(Beginning of Exercise materials)

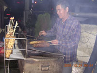 去了布袋漁港買了十六斤的魚丸. 吃了一個蚵仔超多的蚵仔煎. 然後由雅欣繼續帶我吃美食. 文化路的鴨肉羹和潤餅. 不是我在說. 南部的東西真的比較好吃. 又便宜. 又到地. 我還找到渴望已久的傳統式烤玉米. 大家也許對烤玉米不熟. 容我來解說一下. 傳統的烤玉米是由阿伯阿嬸來烤的. 生的玉米直接放上火炭烤, 烤到焦黃後擺著讓客人挑選. 之後上醬. 這樣烤出來的玉米, 焦黑鹹香鮮甜中帶有嚼勁. 可惜呀. 台北現在都是改良式的. 可能是因為傳統的炭火傷眼吧. 改良式的變成了先把玉米煮熟之後再上醬的時候稍微烤一下.雖省時, 也省掉了烤玉米那獨特的香味. 還好. 我在嘉義又找到它了. 附帶一提, 同樣大小的玉米, 台北賣一百塊錢. 這裡只賣四十五塊. 知道我為何愛南部了吧.
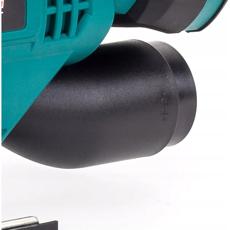 Die Säge ist für die Absaugung von Staub und Spänen während des Schneidens durch den Anschluss an einen Industriestaubsauger ausgelegt – ein Adapter ist im Lieferumfang enthalten.
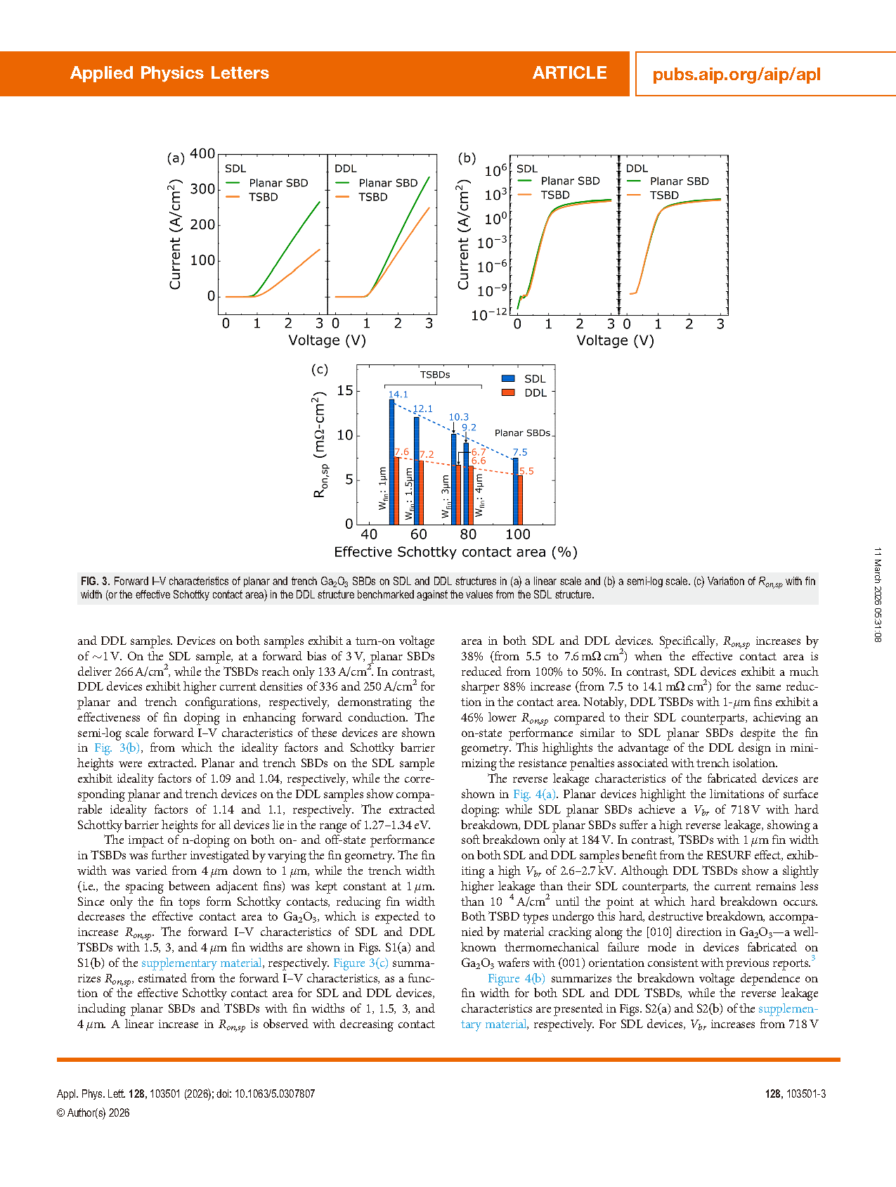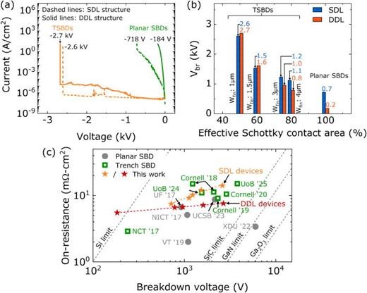 图4. (a) 基于 SDL 和 DDL 样品制备的平面型与沟槽型 Ga2O3 SBD 的反向漏电流特性曲线。(b) 不同 fin 宽度器件的击穿电压值汇总(精确至小数点后一位)。(c) 本研究中 Ron,sp 与 Vbr 值与文献报道的对比分析,重点展示 SDL 与 DDL 结构中的权衡轨迹。
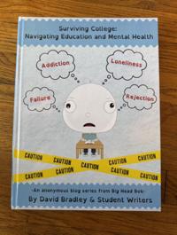 A copy of “Surviving College: Navigating Education and Mental Health” is pictured. The book, created by David Bradley’s brand Big Head Bob, focuses on mental health and education. (Courtesy/David Bradley)
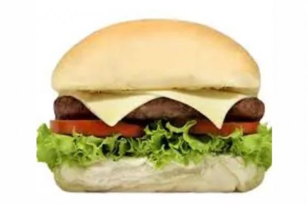 Hambúrguer, queijo, alface, tomate e maionese.
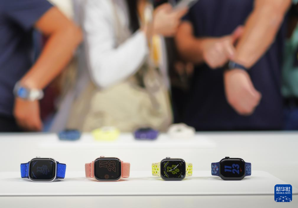 这张图片是新华社记者在2016年9月9日于美国加州的库比蒂诺市拍摄的。图片中显示了苹果手表。(新华社记者吴晓凌摄)
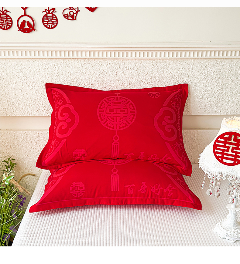 (总)悦然毛巾被 2025新款婚庆大红三层全棉纱布枕套
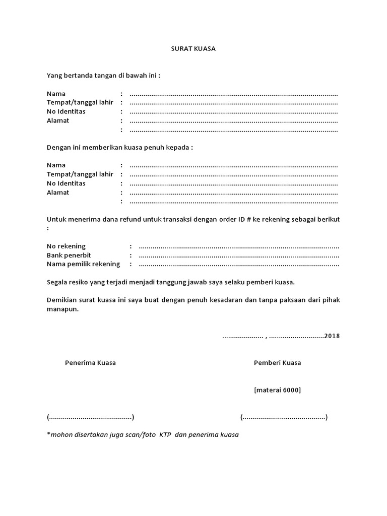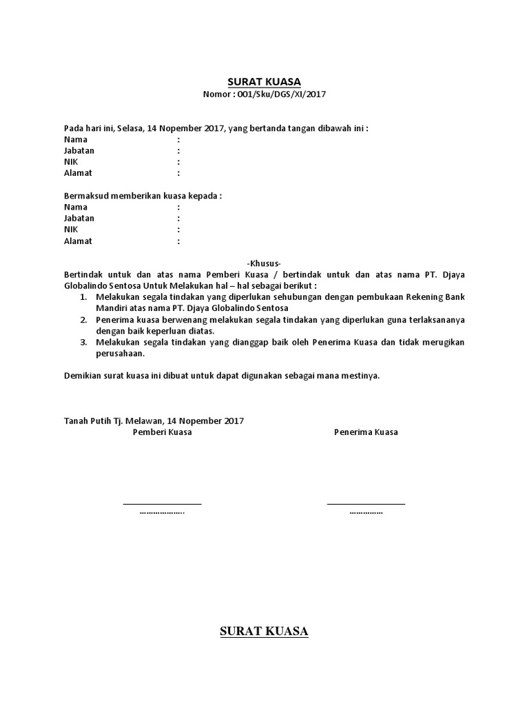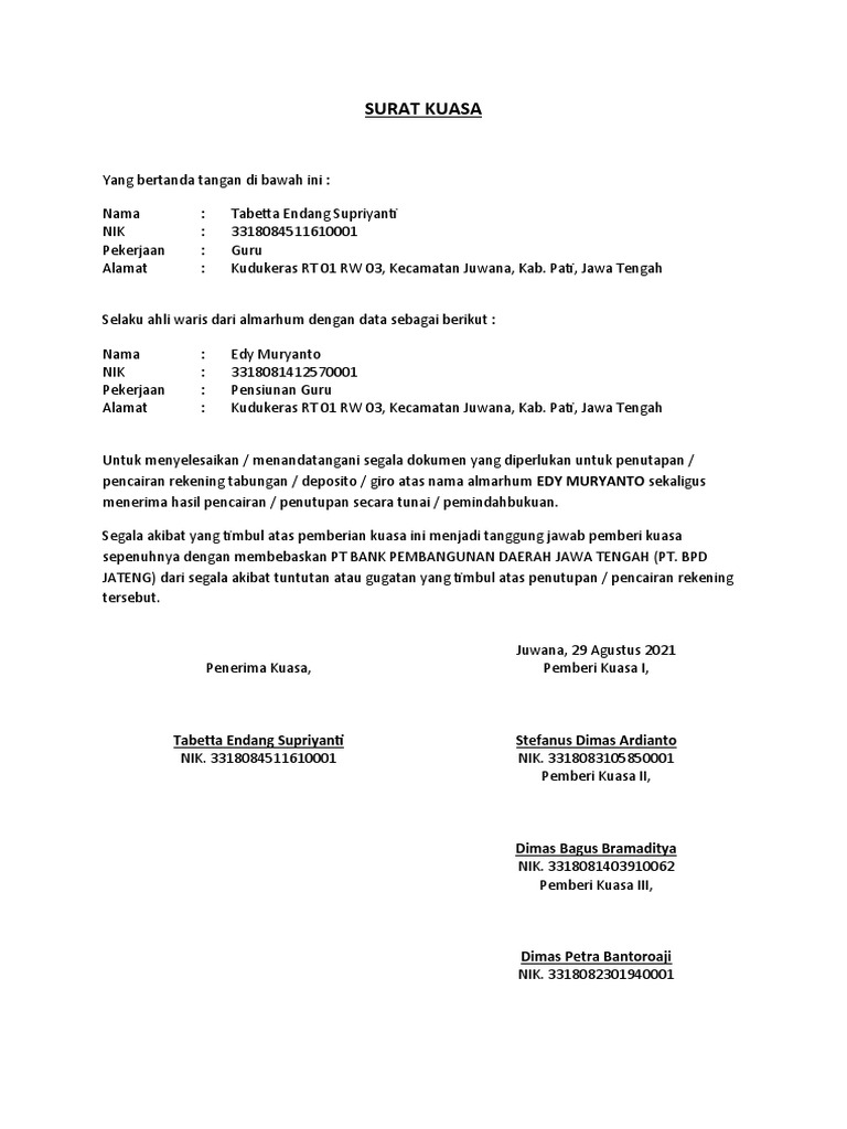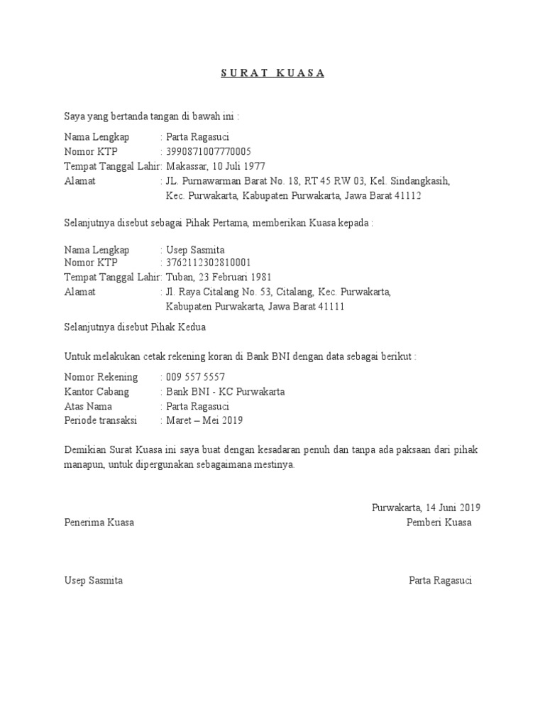 Contoh Surat Kuasa Bank BCA untuk Berbagai Keperluan ... Pihak bank akan meminta pemilik rekening untuk secara langsung melakukan pengurusan yang diinginkan. Namun, beberapa hal dalam kepengurusan ini dapat diwakilkan kepada orang yang ditunjuk. Untuk mendapatkan hak dan kewenangan mewakili nasabah, penerima kuasa harus membawa bukti tertulis berupa surat kuasa. › blog › indonesia7 Contoh Surat Kuasa Bank dan Cara Membuatnya Jan 20, 2022 · Surat kuasa tak sebatas ditujukan untuk pengambilan uang saja, tapi juga bisa diperuntukkan untuk penggunaan rekening bank. Artinya, kamu bisa melimpahkan kuasa kepada orang yang kamu beri kuasa untuk mengelola rekening bank yang kamu miliki.

(End of Exercise materials)

Only the lines from the one with "Hambúrguer, queijo, alface, tomate" through the end of the data, both ends included, should be written out exactly, and no pictures should appear.

 Hambúrguer, queijo, alface, tomate e maionese.
 这张图片是新华社记者在2016年9月9日于美国加州的库比蒂诺市拍摄的。图片中显示了苹果手表。(新华社记者吴晓凌摄)
 (总)悦然毛巾被 2025新款婚庆大红三层全棉纱布枕套
 Contoh Surat Kuasa Bank BCA untuk Berbagai Keperluan ... Pihak bank akan meminta pemilik rekening untuk secara langsung melakukan pengurusan yang diinginkan. Namun, beberapa hal dalam kepengurusan ini dapat diwakilkan kepada orang yang ditunjuk. Untuk mendapatkan hak dan kewenangan mewakili nasabah, penerima kuasa harus membawa bukti tertulis berupa surat kuasa. › blog › indonesia7 Contoh Surat Kuasa Bank dan Cara Membuatnya Jan 20, 2022 · Surat kuasa tak sebatas ditujukan untuk pengambilan uang saja, tapi juga bisa diperuntukkan untuk penggunaan rekening bank. Artinya, kamu bisa melimpahkan kuasa kepada orang yang kamu beri kuasa untuk mengelola rekening bank yang kamu miliki.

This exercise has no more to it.